Web Scraping Using Python

Vijay Kumari
2w
301
0
7

Article

What is Web Scraping?

Web scraping is a powerful technique for extracting data from websites. In this article, we will explore how to scrape book details such as titles, prices, and ratings from the website "Books to Scrape" using Python. We will also enhance the script to improve error handling and data storage.

Extracting Books Data Example

To demonstrate web scraping, we will extract book details from the "Books to Scrape" website. This example covers fetching book titles, prices, and ratings and saving the extracted data in a structured format.

Prerequisites

To follow along, ensure you have Python installed along with the necessary libraries:

pip install requests beautifulsoup4 csv sqlite3

Web Scraping Process

The script follows these steps:

Send an HTTP request to fetch the webpage content.
Parse the HTML using BeautifulSoup.
Extract relevant data (book title, price, and rating).
Save the data to a CSV file for further analysis.

Step 1. Import Required Libraries

import requests
from bs4 import BeautifulSoup
import csv
import sqlite3

These libraries help in sending requests, parsing HTML, writing to CSV files, and storing data in an SQLite database.

Step 2. Set Up HTTP Headers

To avoid being blocked by the server, we set up a User-Agent header to mimic a browser request:

headers = {
    'User-Agent': 'Mozilla/5.0 (Windows NT 10.0; Win64; x64) AppleWebKit/537.36 (KHTML, like Gecko) Chrome/58.0.3029.110 Safari/537.3'
}

Step 3. Initialize CSV File

We create a CSV file and define column headers:

csv_file = open('books.csv', 'w', newline='', encoding='utf-8')
csv_writer = csv.writer(csv_file)
csv_writer.writerow(['Title', 'Price', 'Rating'])

Step 4. Define the Rating Conversion Function

Since ratings are represented as class names in the HTML, we map them to numerical values:

def get_rating(rating_class):
    """Convert rating text to numerical value"""
    rating_map = {'One': 1, 'Two': 2, 'Three': 3, 'Four': 4, 'Five': 5}
    return rating_map.get(rating_class, 0)

Step 5. Scrape the Web Page

We send an HTTP GET request to the website and parse the response using BeautifulSoup:

url = 'http://books.toscrape.com/catalogue/page-1.html'
response = requests.get(url, headers=headers, timeout=10)
response.raise_for_status()

soup = BeautifulSoup(response.text, 'html.parser')
books = soup.find_all('article', class_='product_pod')

print(f"Processing first page... Found {len(books)} books")
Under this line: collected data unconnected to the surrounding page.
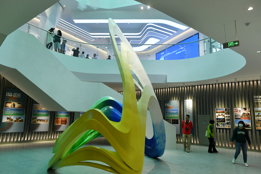 圖為祁連山國(guó)家公園青海片區(qū)展陳中心內(nèi)的多元文化板塊。
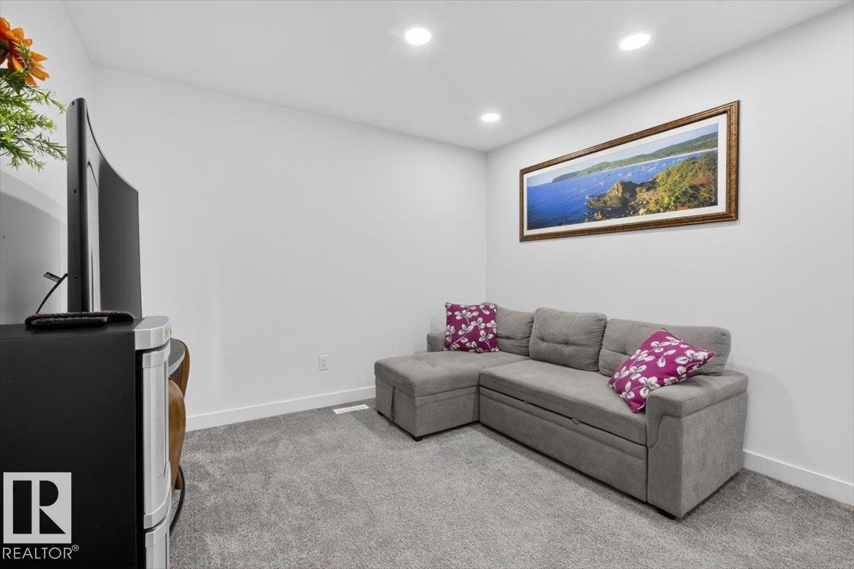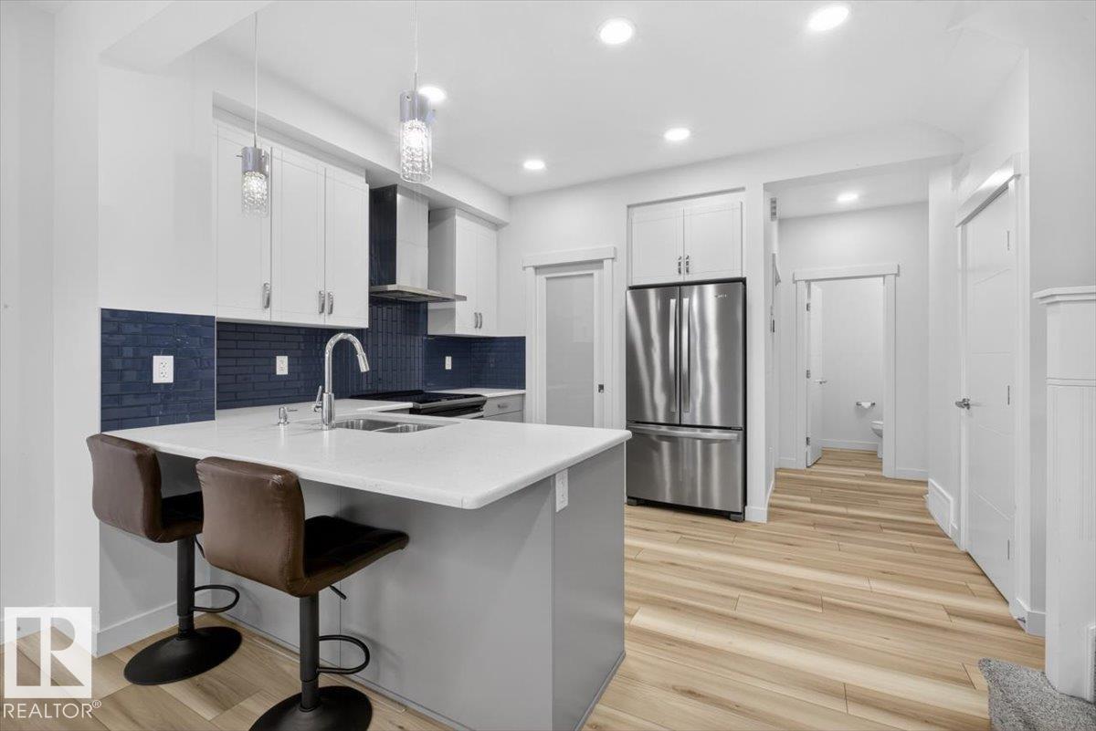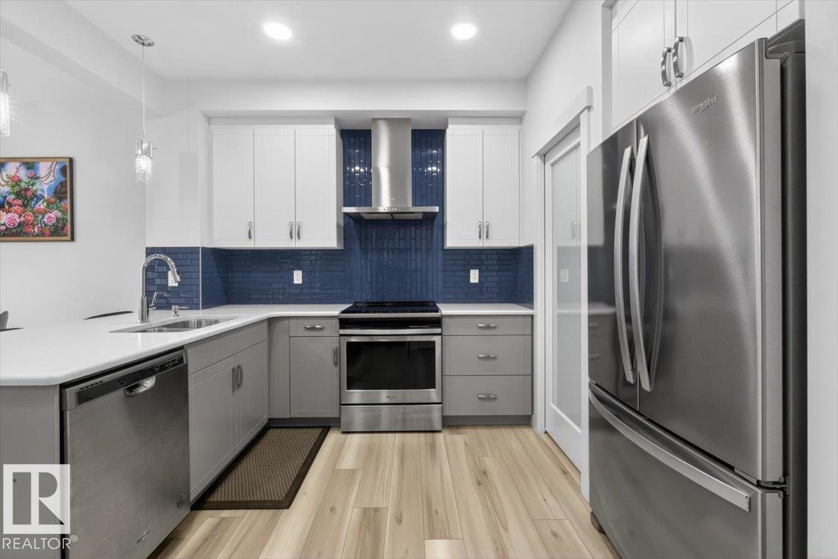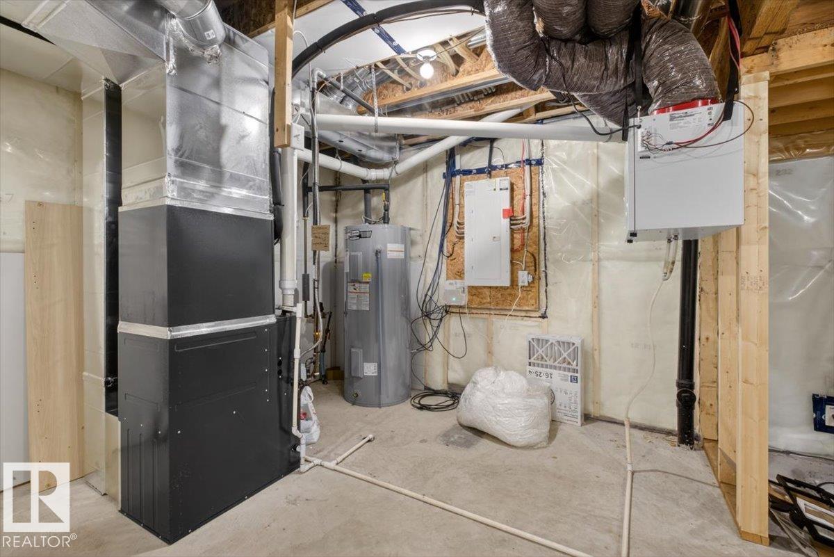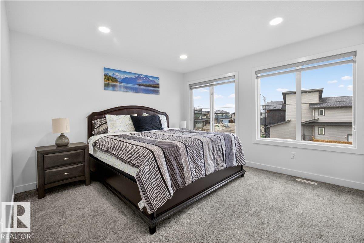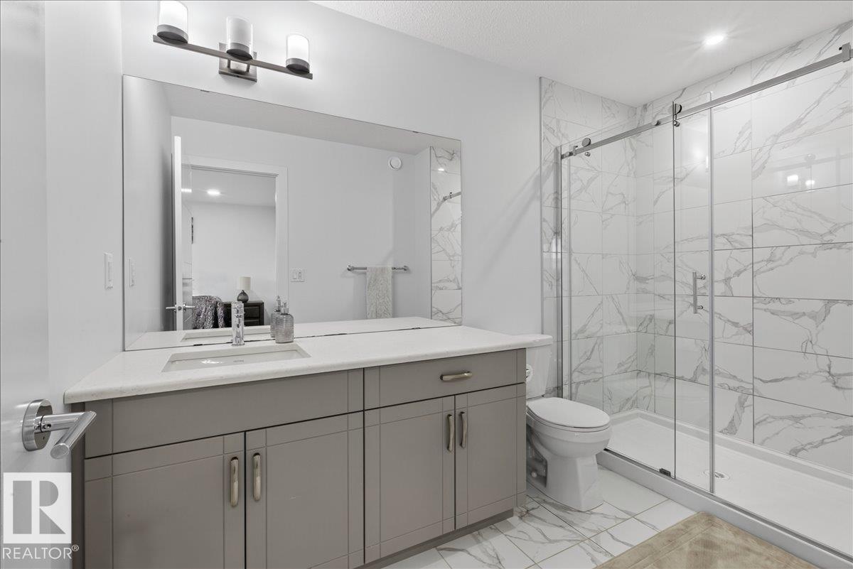 Welcome to Cavanagh! This bright and stylish 2-story home offers 3 bedrooms, 2.5 bathrooms, and thoughtful upgrades throughout. The modern kitchen features stainless steel appliances, upgraded quartz countertops, and a beautiful backsplash, opening to a warm and inviting living area with an electric fireplace and soaring 9-ft ceilings. Upgraded railings and shelving add refined finishing touches throughout. The spacious primary bedroom includes a private 3-pc ensuite for added comfort. Step outside to a professionally landscaped backyard with a composite deck, aluminum railings, and a dedicated fire pit area, perfect for relaxing or entertaining. The fully finished, insulated double-attached garage offers year-round convenience, and the Central A/C keeps the home comfortable all summer long. Located in the sought-after, family-friendly community of Cavanagh, you are just minutes from parks, schools, and everyday amenities. (id:63190)
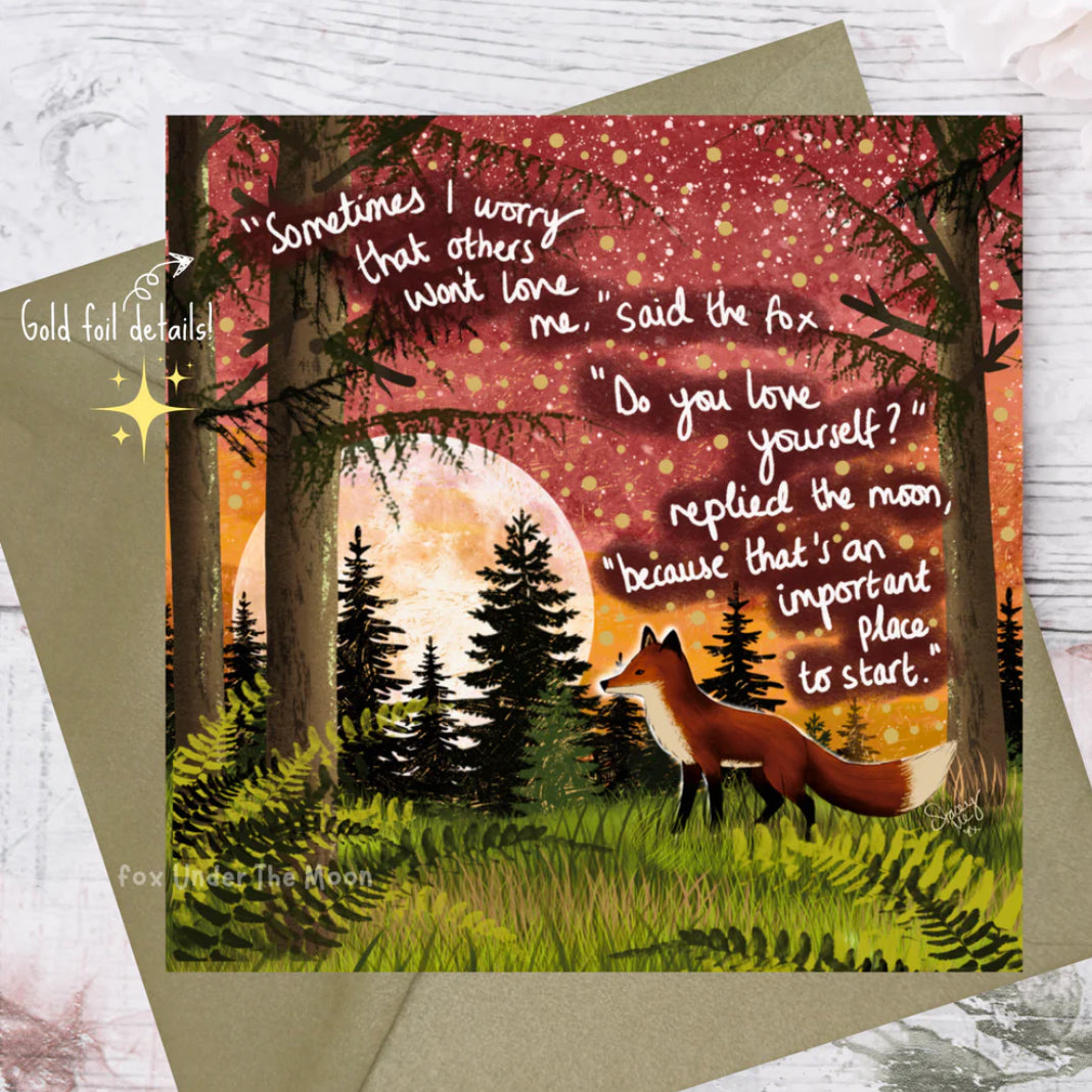 Imagined and created with love on Anglesey in North Wales, ‘Fox Under the Moon’ is the work of Stacey McNiell, and artist and author spreading messages of self-love and encouraging positive mental health through their words and pictures.
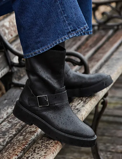 Triple Black Suede Lace-Up Zip Boots
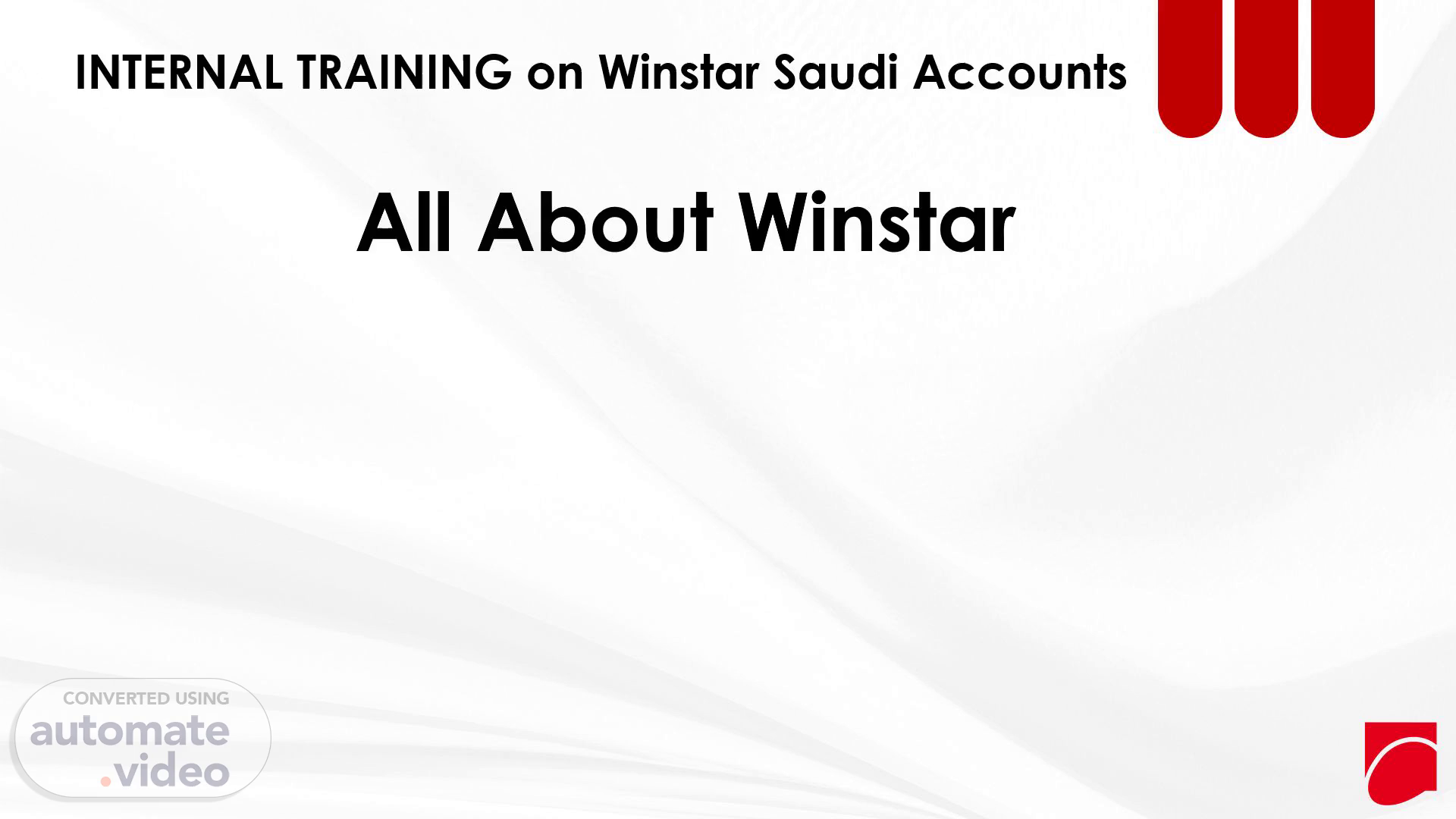[Audio] Hello and welcome to the first video in this training series! Congratulations on being selected to join the Masters Accounting team. We're excited to have you on board and look forward to your positive contributions. In today's session, we'll be diving into an introduction to Winstar Accounting & End to End work.
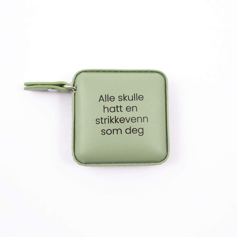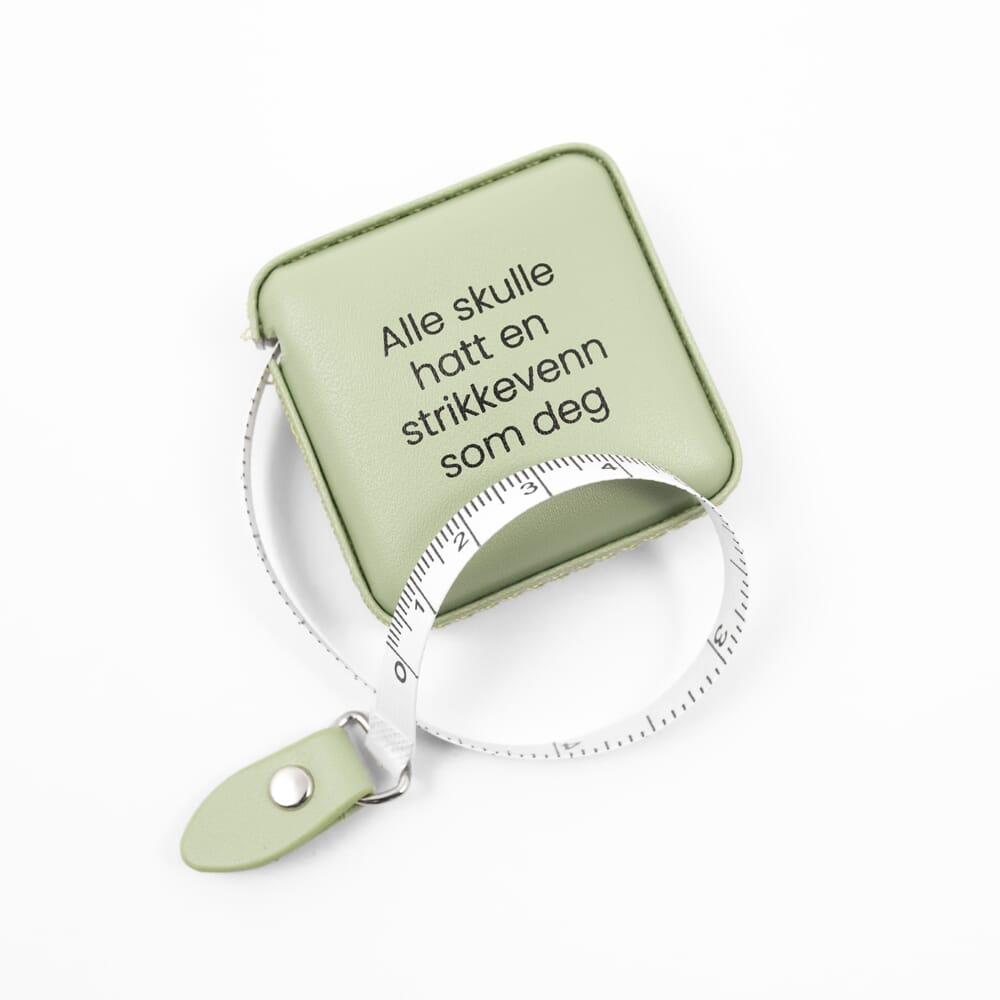 "Målebånd på spole. Måler i cm og tommer, 150cm langt. Alle skulle hatt en strikkevenn som deg."
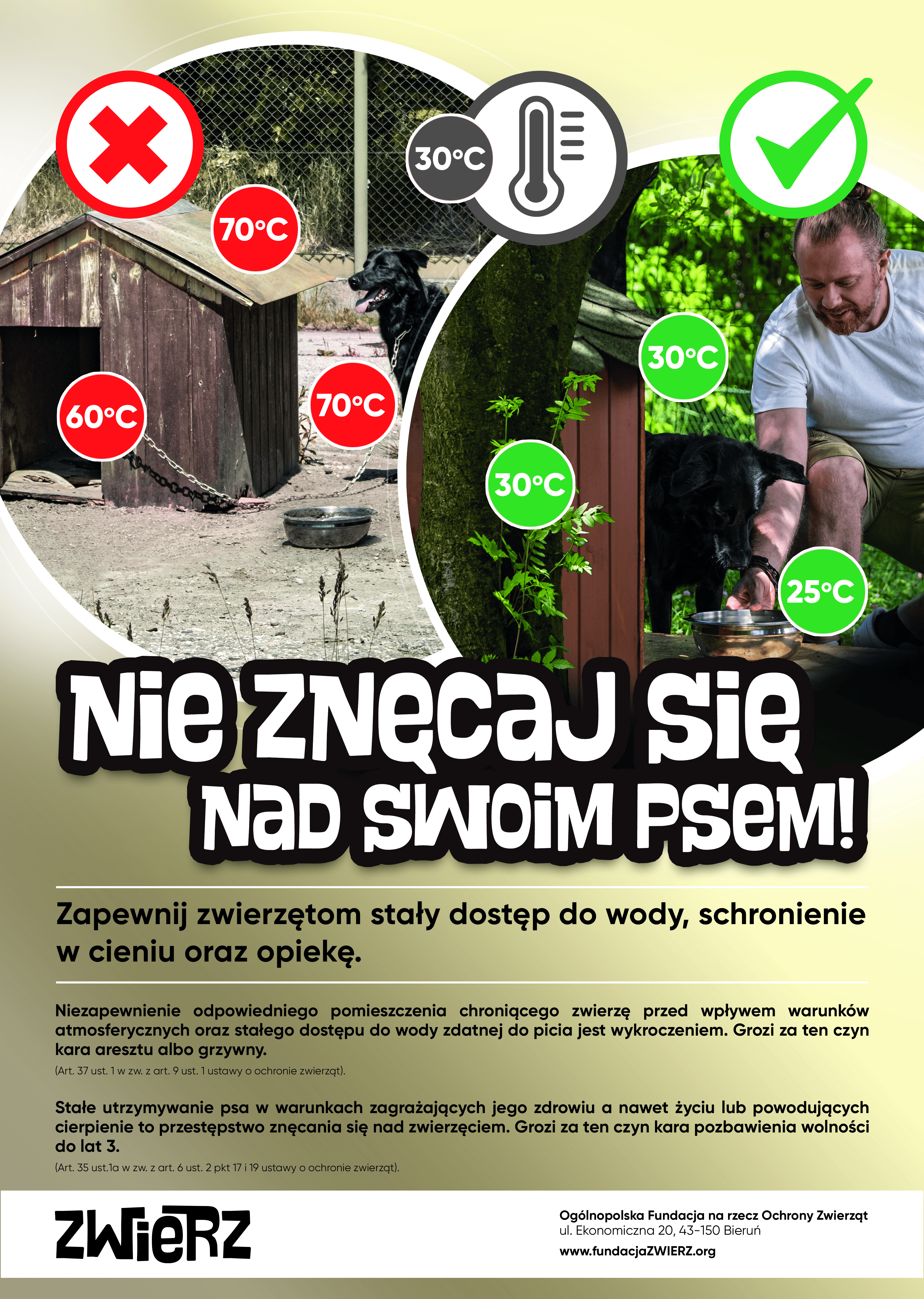 Odwodnienie, poparzenia, udar to tylko niektóre z zagrożeń, które wynikają z niewłaściwej opieki nad zwierzęciem latem. Szczególnie w trudnych warunkach są zwierzęta żyjące na uwięzi, pozostawione same sobie, często bez kropli wody zdatnej do picia. Buda, która stoi na otwartym słońcu i jest pokryta blachą nagrzewa się i temperatura w środku sięga nawet 70*C. Metalowy łańcuch rozgrzewa się do podobnych temperatur i może powodować poparzenia na skórze zwierzęcia.
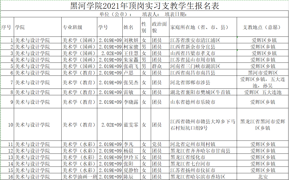 黑河学院2021年顶岗实习支教学生报名表
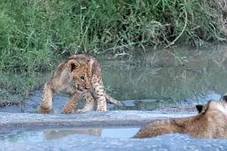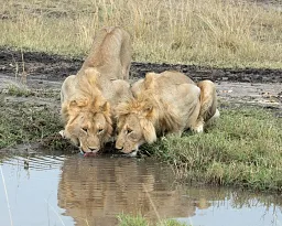 Lions at a watering hole. Photo courtesy of and copyright © Sharon Osberg of Wild World Foto. All rights reserved. Used with permission.
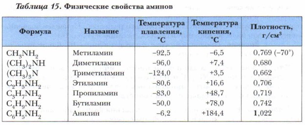 Рассмотрите шаростержневые модели молекул простейших первичных, вторичных и третичных алифатических аминов (рис. 56). Что общего в их строении? Физические свойства аминовЭти свойства определяются составом и строением аминов. Они являются производными аммиака, поэтому их физические свойства прежде всего обусловлены функциональной аминогруппой —NH2. Так, простейшие алифатические амины (метиламин, этиламин, диметиламин) — газообразные вещества, хорошо растворимы в воде, запах низших аминов напоминает запах аммиака. Средние амины — жидкости с низкой температурой кипения, с характерным «рыбным» запахом. Амины с большим числом атомов углерода, начиная с C12H25NH2, — твёрдые вещества, без запаха. Проблема. В чём причина хорошей растворимости этих аминов в воде? Итак, молекулы аминов, растворяясь в воде, образуют водородные связи. Амины растворимы и в органических полярных растворителях. Вы уже знаете, что физические свойства гомологов закономерно изменяются с увеличением их молекулярной массы. По мере роста углеродного скелета молекул аминов уменьшается их растворимость в воде. С ростом молекулярной массы увеличивается температура кипения и другие физические константы (табл. 15).
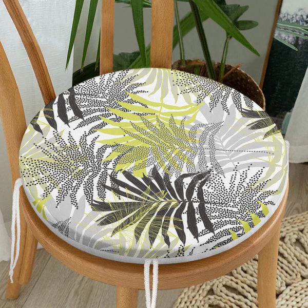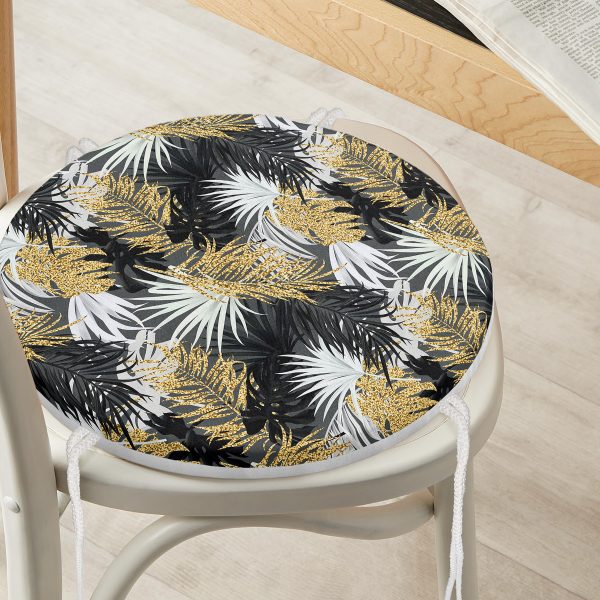 Siyah Zeminde Palmiye Yaprakları Özel Tasarım Yuvarlak Fermuarlı Sandalye Minderi

Step 6. Extract and Store Data

We loop through the books and extract relevant information:

for book in books:
    try:
        title = book.h3.a['title']
        
        # Extract and clean price
        price_element = book.find('p', class_='price_color')
        price_text = price_element.text.strip() if price_element else '0'
        price_clean = ''.join(c for c in price_text if c.isdigit() or c == '.')
        
        # Handle multiple decimal points and empty values
        if not price_clean:
            price = 0.0
        else:
            parts = price_clean.split('.')
            if len(parts) > 1:
                price_clean = f"{parts[0]}.{''.join(parts[1:])}"
            price = float(price_clean)

        # Extract rating
        rating_element = book.find('p', class_='star-rating')
        rating_class = rating_element['class'][1] if rating_element else ''
        rating = get_rating(rating_class)

        # Write to CSV
        csv_writer.writerow([title, price, rating])
        print(f"Processed book: {title}")

    except Exception as e:
        print(f"Error processing book: {e}")
        print(f"Raw price text: {repr(price_text)}")
        print(f"Cleaned price: {repr(price_clean)}")
        continue

Output

Web Scraping Books Data Using Python

Enhancements and Future Improvements

Pagination Handling: Extend the script to scrape multiple pages automatically.
Database Storage: Save scraped data to an SQLite database for better data management.
Error Handling: Improve exception handling for robustness.
GUI Integration: Develop a simple interface to display results interactively.

With these improvements, you can transform this script into a fully functional web scraping tool.